Information remained scarce on the magnitude 6.1 temblor that damaged buildings in Khost and Paktika provinces. Rescue efforts are likely to be complicated since many international aid agencies left Afghanistan after the Taliban takeover of the country last year and the chaotic withdrawal of the U.S. military from the longest war in its history.
Neighbouring Pakistan’s Meteorological Department said the quake’s epicenter was in Afghanistan’s Paktika province, just near the border and some 50 kilometres southwest of the city of Khost.
Footage from Paktika province near the Pakistan border showed victims being carried into helicopters to be airlifted from the area. Others were treated on the ground. One resident could be seen receiving IV fluids while sitting in a plastic chair outside the rubble of his home and still more were sprawled on gurneys. Other images showed residents picking through clay bricks and other rubble from destroyed stone houses.
Afghan emergency official Sharafuddin Muslim gave the death toll in a news conference Wednesday. Earlier, the director-general of state-run Bakhtar news agency, Abdul Wahid Rayan, wrote on Twitter that 90 houses have been destroyed in Paktika and dozens of people are believed trapped under the rubble.
Bilal Karimi, a deputy spokesman for the Taliban government, gave no specific death toll but wrote on Twitter that hundreds of people were killed and injured in the earthquake, which shook four districts in Paktika.
“We urge all aid agencies to send teams to the area immediately to prevent further catastrophe,” he wrote.
In just one district of the neighbouring Khost province, the earthquake killed at least 25 people and injured over 95 others, local officials said.

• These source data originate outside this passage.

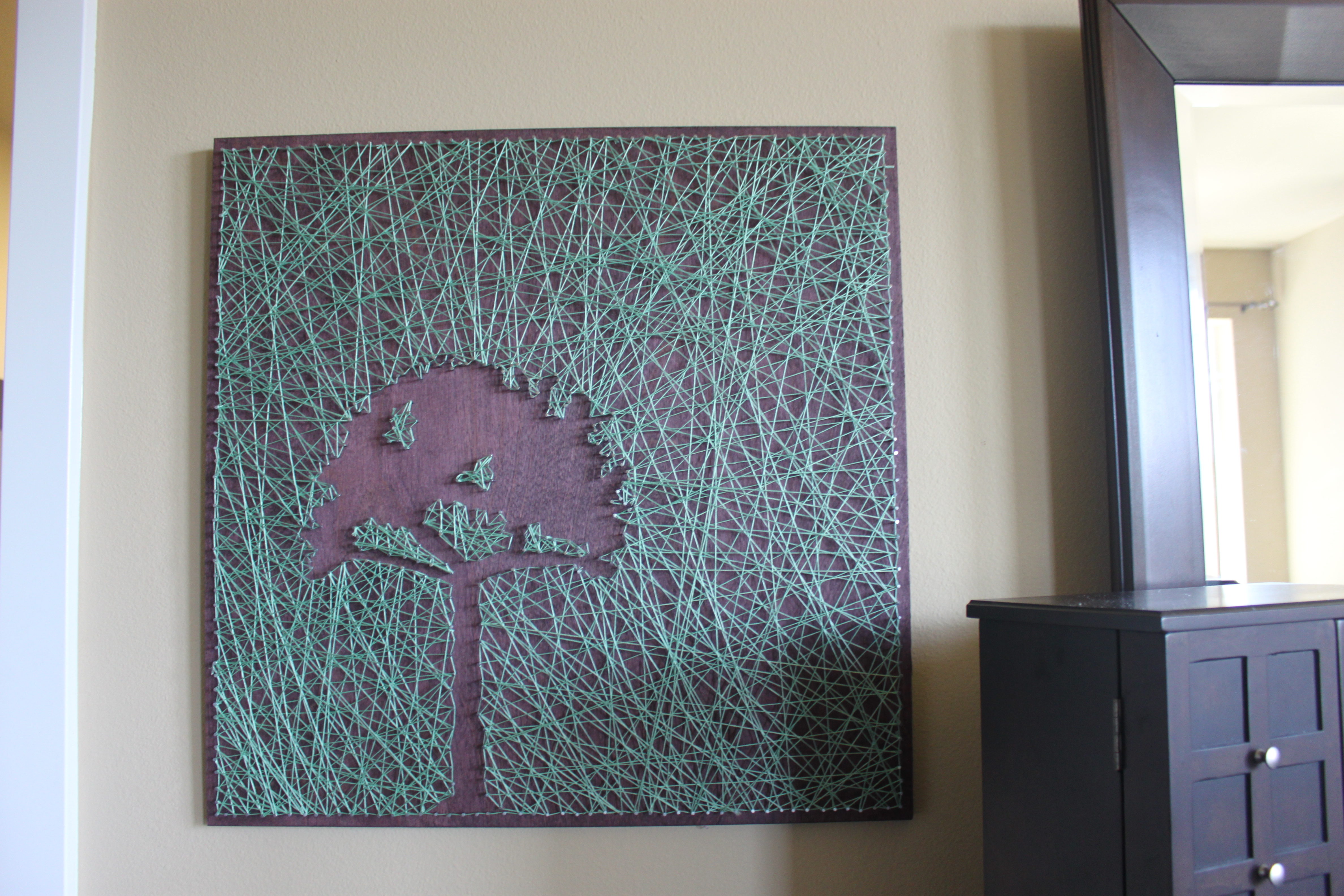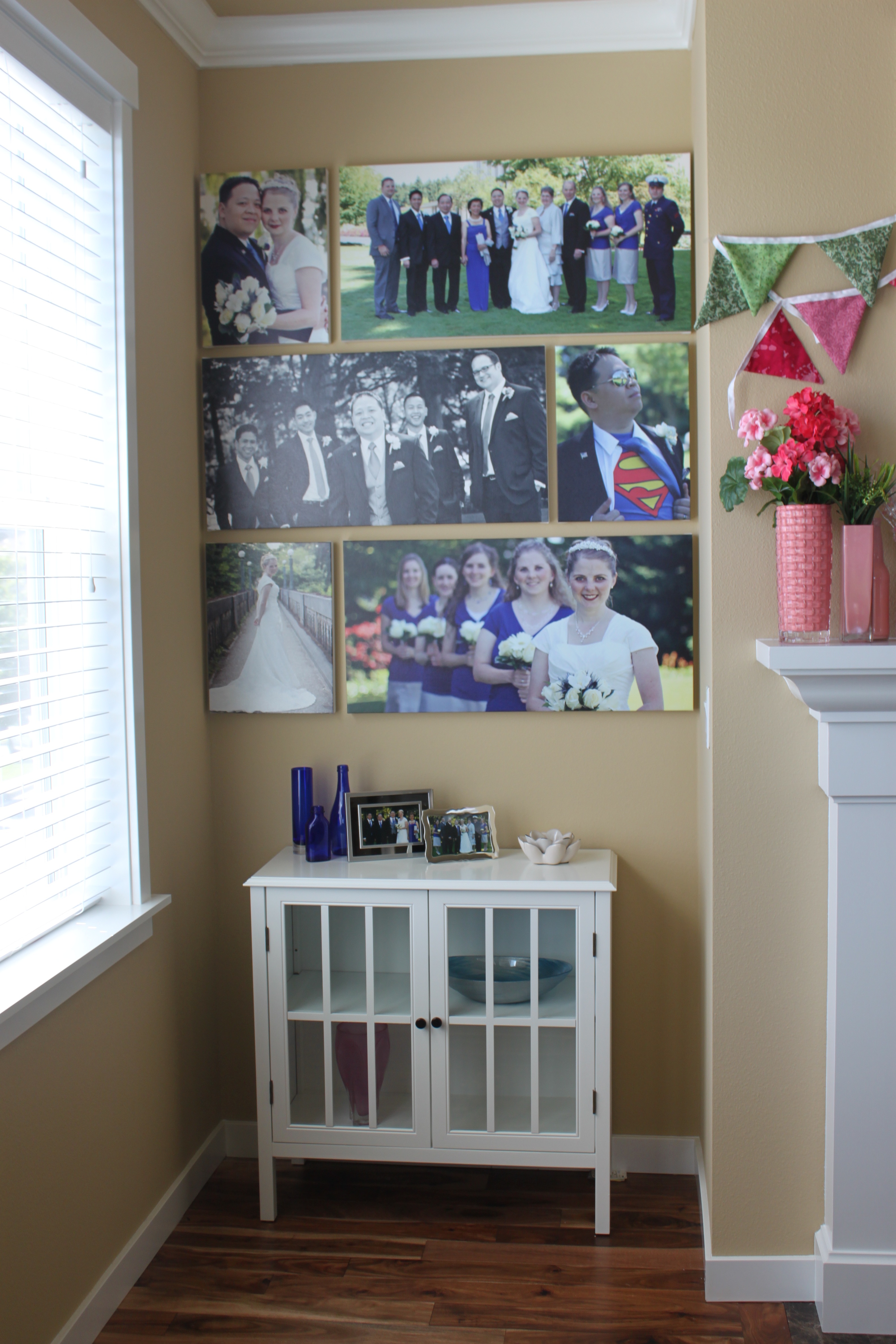 I love the video my church came out with around Easter, “Because of Him”, so I wrote down some of my favorite parts of the text and that is what I used in the quote boards. I cut 3/4″ plywood to 14×14″ and painted them white, then used a stencil to pencil in the letters until I got them where I wanted them to be and then painted it by hand. It would have been faster to use a stencil I could just paint through, but I couldn’t find one with simple letters and that would fit all the text I wanted to get on. It took me about a day to paint it. The “Because of Him” parts are a 1/4″ piece of board that I cut to 13 1/2″ long and glued on after I painted it. The nail board is of Angel Moroni, but I want to make the strings thicker, I just ran out of embroidery thread and haven’t gotten more yet. The bottom middle white piece is 1/4″ plywood that I glued large popsicle sticks to in a herringbone pattern and then painted white and attached a knob to hang something from. The canvas prints I had printed from Costco, their 14×14 gallery wrap.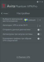 С другой стороны, приложение не предлагает расширенную функциональность, например, встроенный блокировщик рекламы или функцию сжатия данных. Тем не менее, Avira Phantom VPN поддерживает надежное 256-битное сквозное шифрование.В меню настроек пользователь может беспроблемно изменить страну VPN сервера и настроить передачу диагностических данных в Avira.
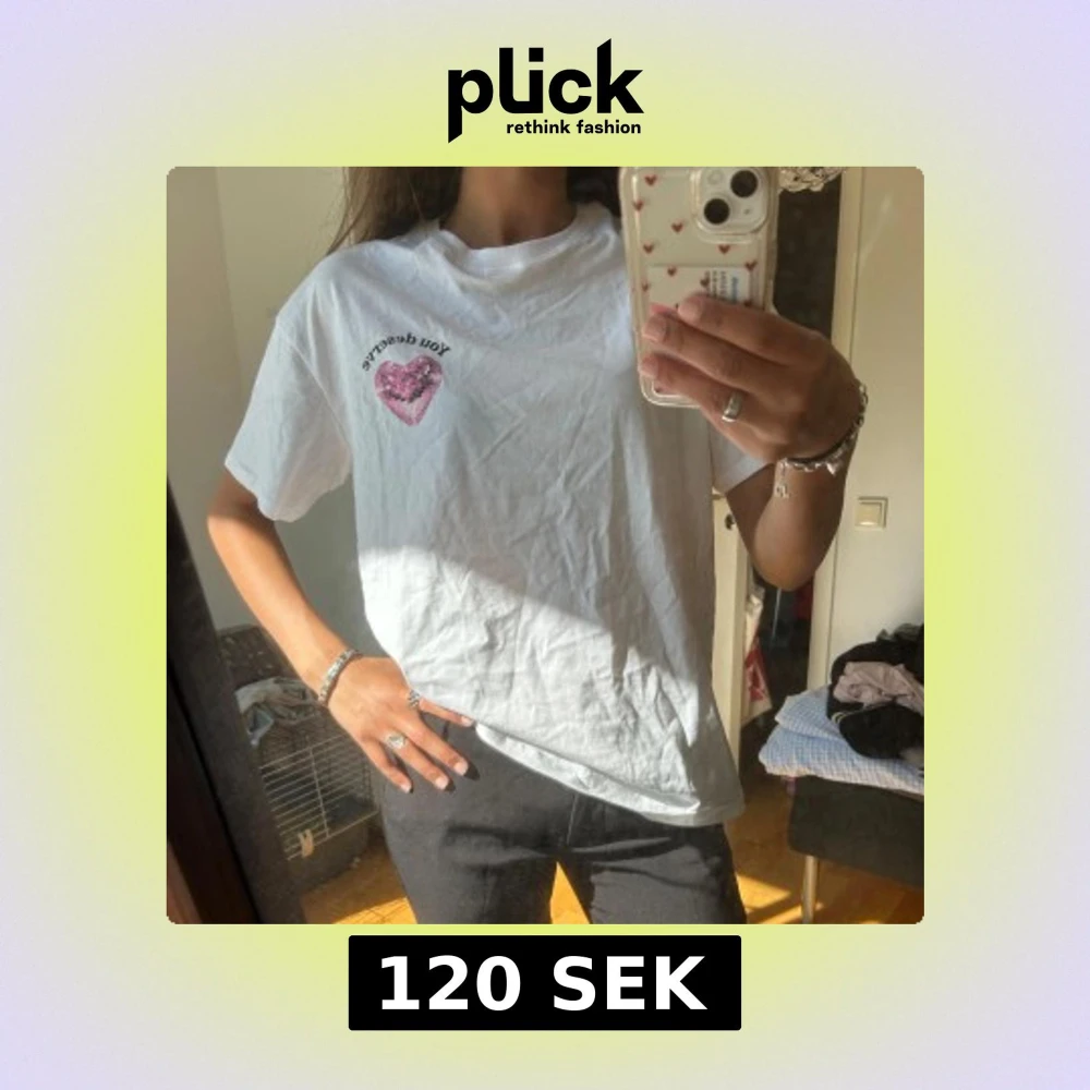 Vit t-shirt med tryck av ett rosa discokulshjärta Klassisk passform och korta ärmar, perfekt för en chill och personlig stil. Storlek XS men den är större i storleken! Aldrig använd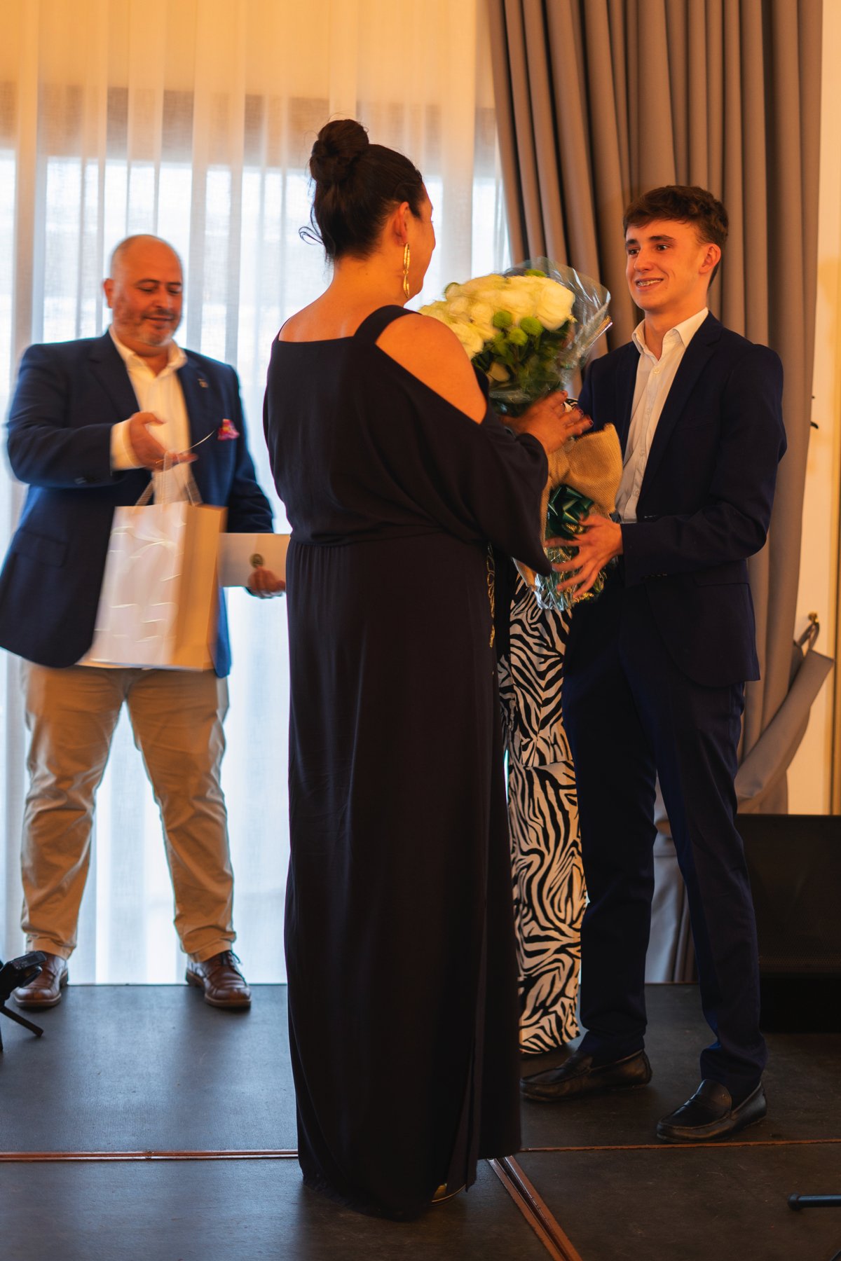 El acto se abrió recibiendo con una entrega de flores a las asistentes y un photocall donde pasaron todos los amigos, familiares y clientes del Grupo anfitrióncamino al cóctel servido por el catering Sal Verde de Grupo Azotea.

In Kabul, Prime Minister Mohammad Hassan Akhund convened an emergency meeting at the presidential palace to coordinate the relief effort for victims in Paktika and Khost.
The “response is on its way,” the United Nations resident co-ordinator in Afghanistan, Ramiz Alakbarov, wrote on Twitter.
Tremors felt in Pakistan and India
Some remote areas of Pakistan saw reports of damage to homes near the Afghan border, but it wasn’t immediately clear if that was due to rain or the earthquake, said Taimoor Khan, a disaster management spokesperson in the area.
Deeply grieved to learn about earthquake in Afghanistan, resulting in loss of innocent lives. People in Pakistan share the grief & sorrow of their Afghan brethren. Relevant authorities working to support Afghanistan in this time of need.
—@CMShehbaz
Pakistan’s Prime Minister Shahbaz Sharif in a statement offered his condolences over the earthquake, saying his nation will provide help to the Afghan people.
Mountainous Afghanistan and the larger region of South Asia along the Hindu Kush mountains, where the Indian tectonic plate collides with the Eurasian plate to the north, has long been vulnerable to devastating earthquakes.
The European seismological agency, EMSC, said the earthquake’s tremors were felt over 500 kilometres by 119 million people across Afghanistan, Pakistan and India.
In 2015, a major earthquake that struck the country’s northeast killed over 200 people in Afghanistan and neighbouring northern Pakistan. A similar 6.1 earthquake in 2002 killed about 1,000 people in northern Afghanistan. And in 1998, a 6.1-magnitude earthquake and subsequent tremors in Afghanistan’s remote northeast killed at least 4,500 people.